Rahhali N, Millier A, Briquet B, Laramée P, Aballéa S, Toumi M, François C, Rehm J, Daeppen JB. BMC Public Health 2015; 15(1): e1271.

Affiliation

Lausanne University Hospital, Lausanne, Switzerland. Jean-Bernard.Daeppen@chuv.ch.

Copyright

(Copyright © 2015, Holtzbrinck Springer Nature Publishing Group - BMC)

DOI

10.1186/s12889-015-2606-4

PMID

26690081

PMCID

PMC4687312

Abstract

BACKGROUND: Most available pharmacotherapies for alcohol-dependent patients target abstinence; however, reduced alcohol consumption may be a more realistic goal. Using randomized clinical trial (RCT) data, a previous microsimulation model evaluated the clinical relevance of reduced consumption in terms of avoided alcohol-attributable events. Using real-life observational data, the current analysis aimed to adapt the model and confirm previous findings about the clinical relevance of reduced alcohol consumption.

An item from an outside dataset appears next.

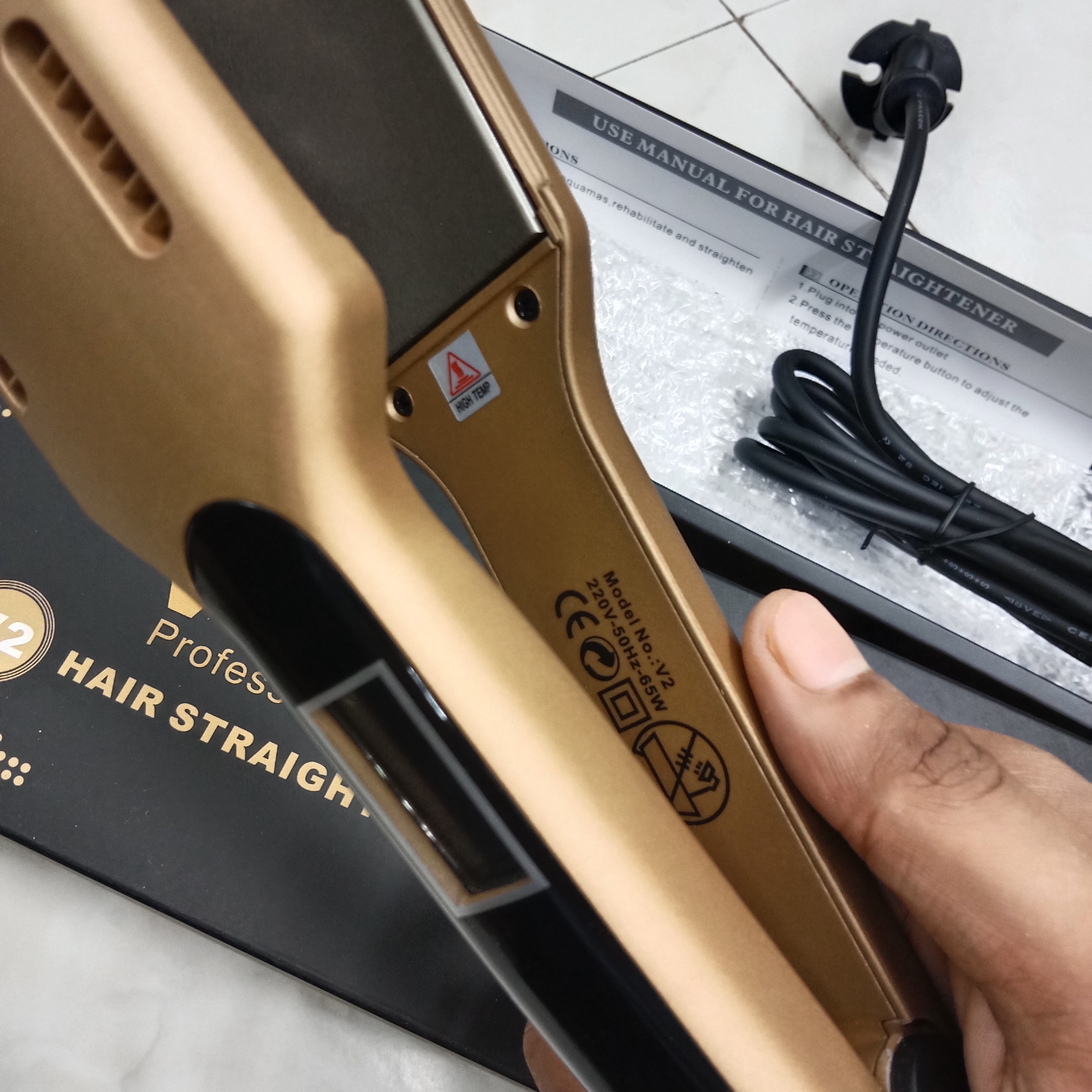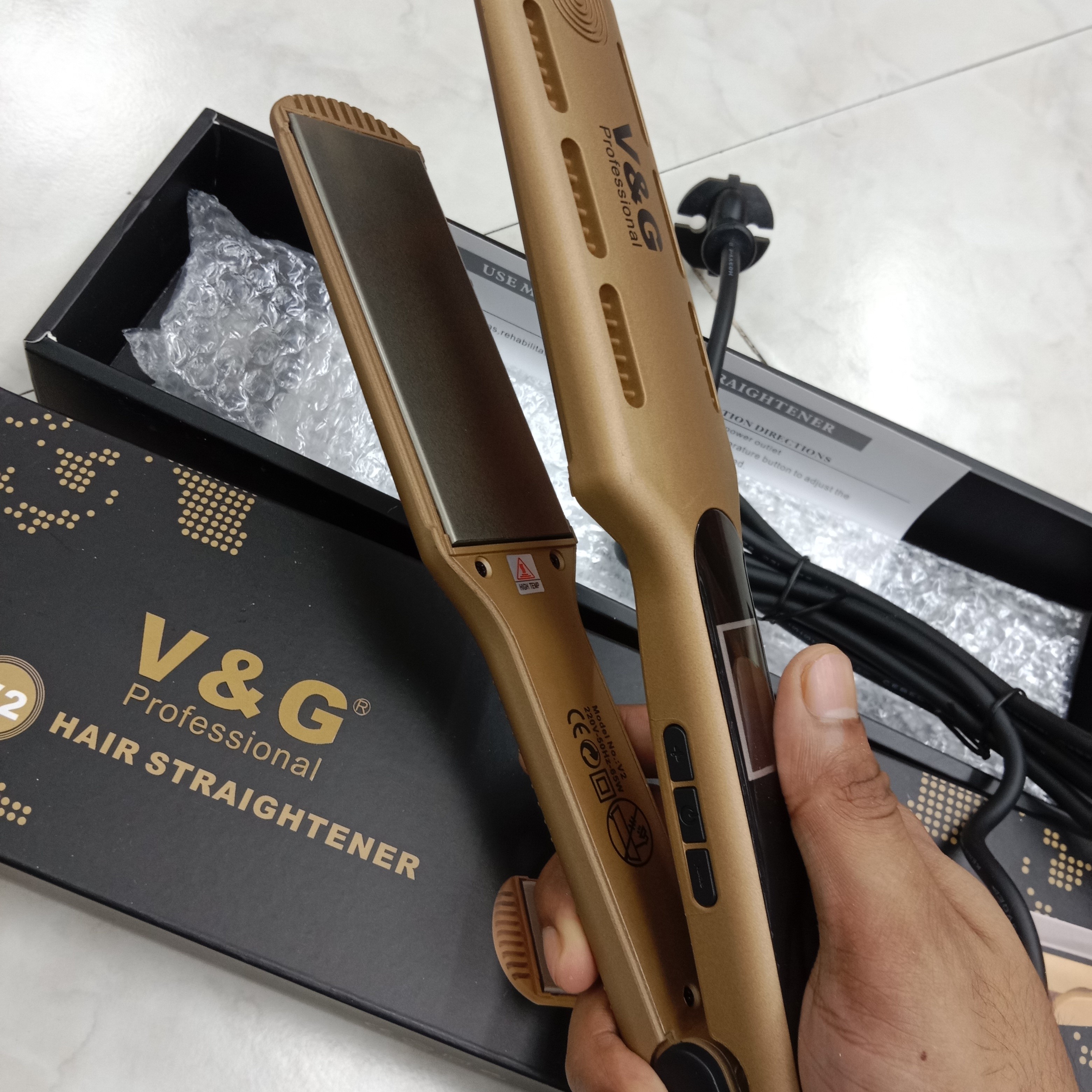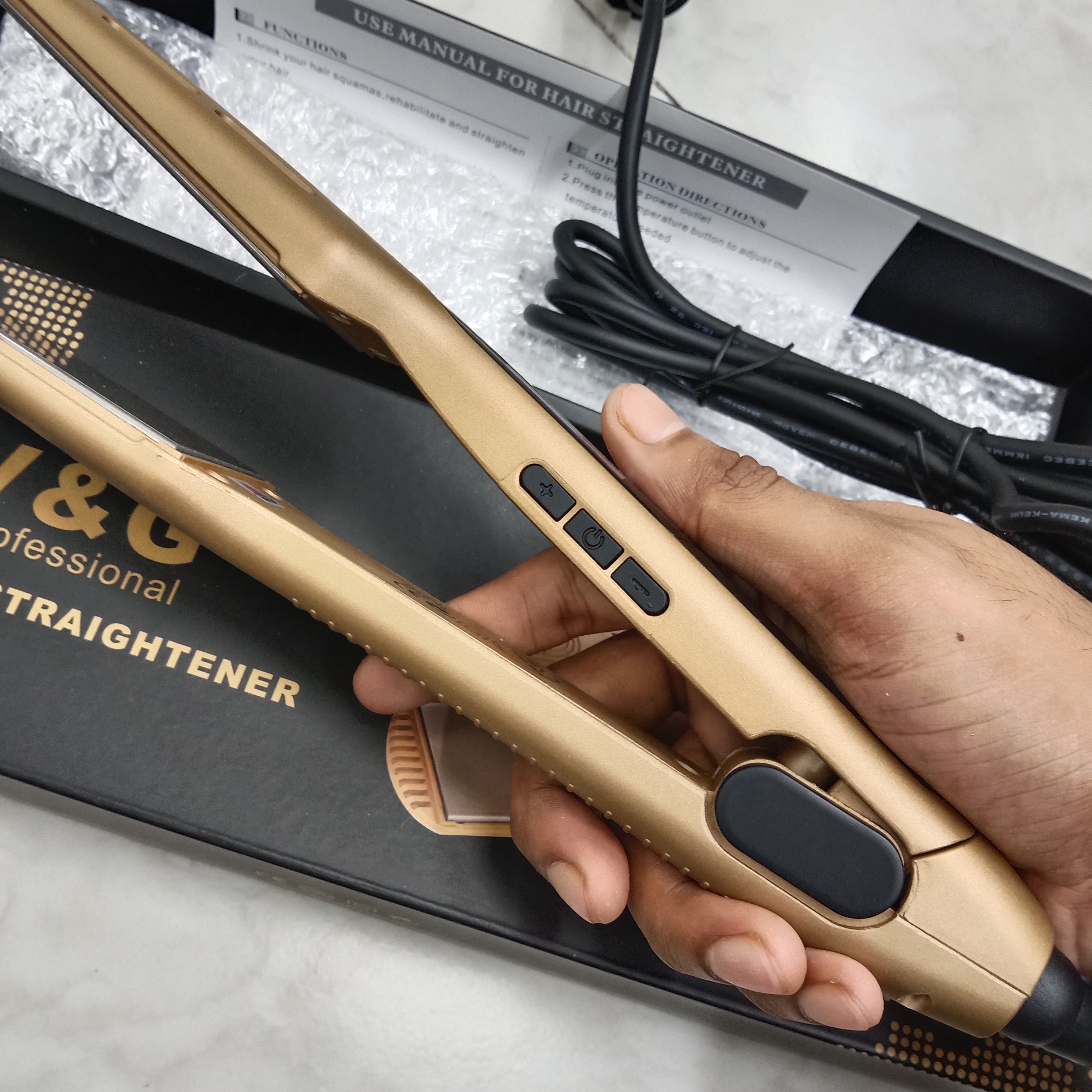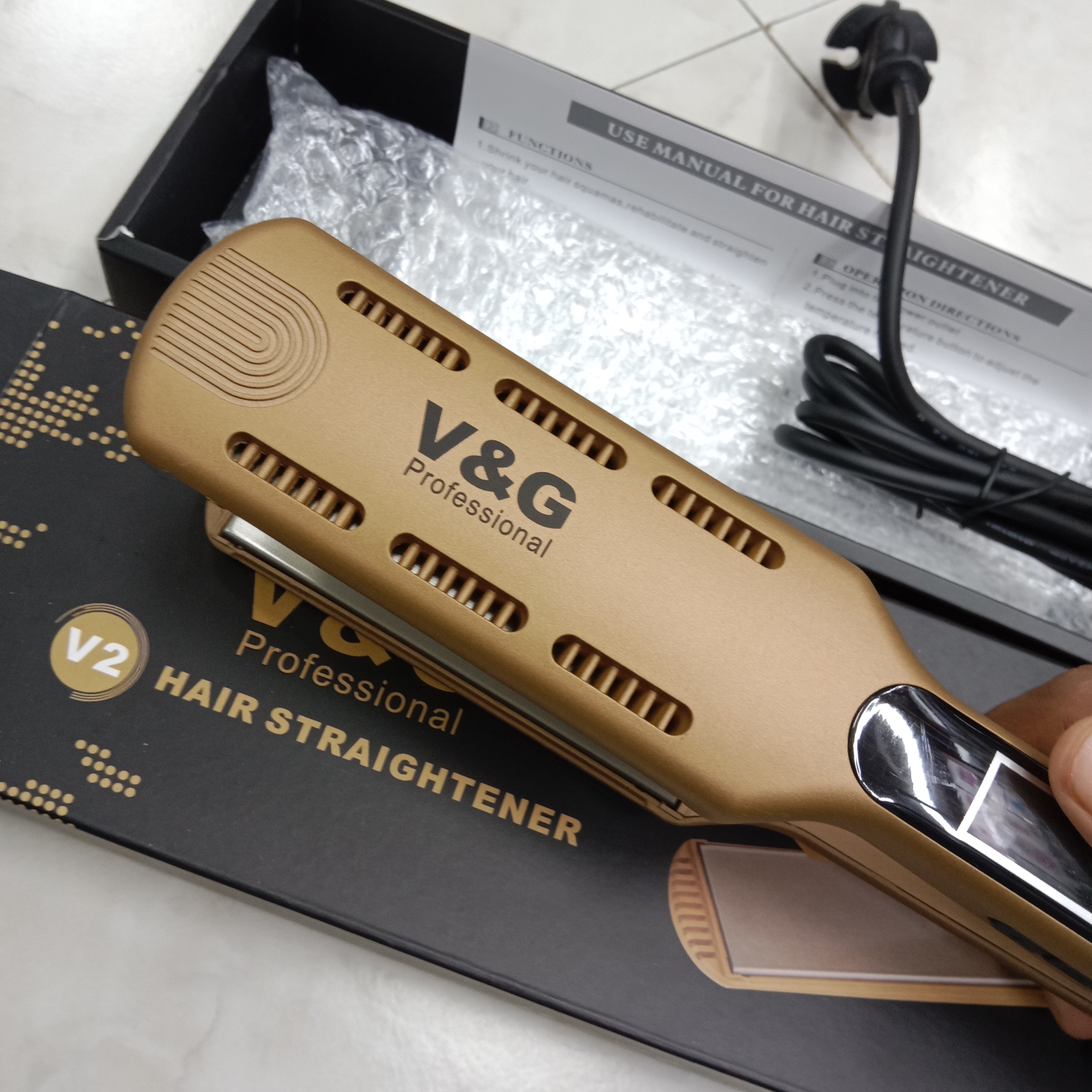 Transform your hair routine with the V&G Professional V2 Hair Straightener, a top-of-the-line styling tool designed to deliver salon-quality results in the comfort of your home. Featuring cutting-edge ceramic plates and advanced heat technology, this flat iron effortlessly glides through your hair, creating sleek, smooth styles while minimizing damage. Perfect for all hair types, the V2 ensures consistent heat distribution and long-lasting shine, making it an essential tool for achieving perfectly straightened hair or glossy, effortless waves.

METHODS: Based on the prospective observational CONTROL study, evaluating daily alcohol consumption among alcohol-dependent patients, the model predicted the probability of drinking any alcohol during a given day. Predicted daily alcohol consumption was simulated in a hypothetical sample of 200,000 patients observed over a year. Individual total alcohol consumption (TAC) and number of heavy drinking days (HDD) were derived. Using published risk equations, probabilities of alcohol-attributable adverse health events (e.g., hospitalizations or death) corresponding to simulated consumptions were computed, and aggregated for categories of patients defined by HDDs and TAC (expressed per 100,000 patient-years). Sensitivity analyses tested model robustness.

RESULTS: Shifting from >220 HDDs per year to 120-140 HDDs and shifting from 36,000-39,000 g TAC per year (120-130 g/day) to 15,000-18,000 g TAC per year (50-60 g/day) impacted substantially on the incidence of events (14,588 and 6148 events avoided per 100,000 patient-years, respectively).

RESULTS were robust to sensitivity analyses.

CONCLUSIONS: This study corroborates the previous microsimulation modeling approach and, using real-life data, confirms RCT-based findings that reduced alcohol consumption is a relevant objective for consideration in alcohol dependence management to improve public health.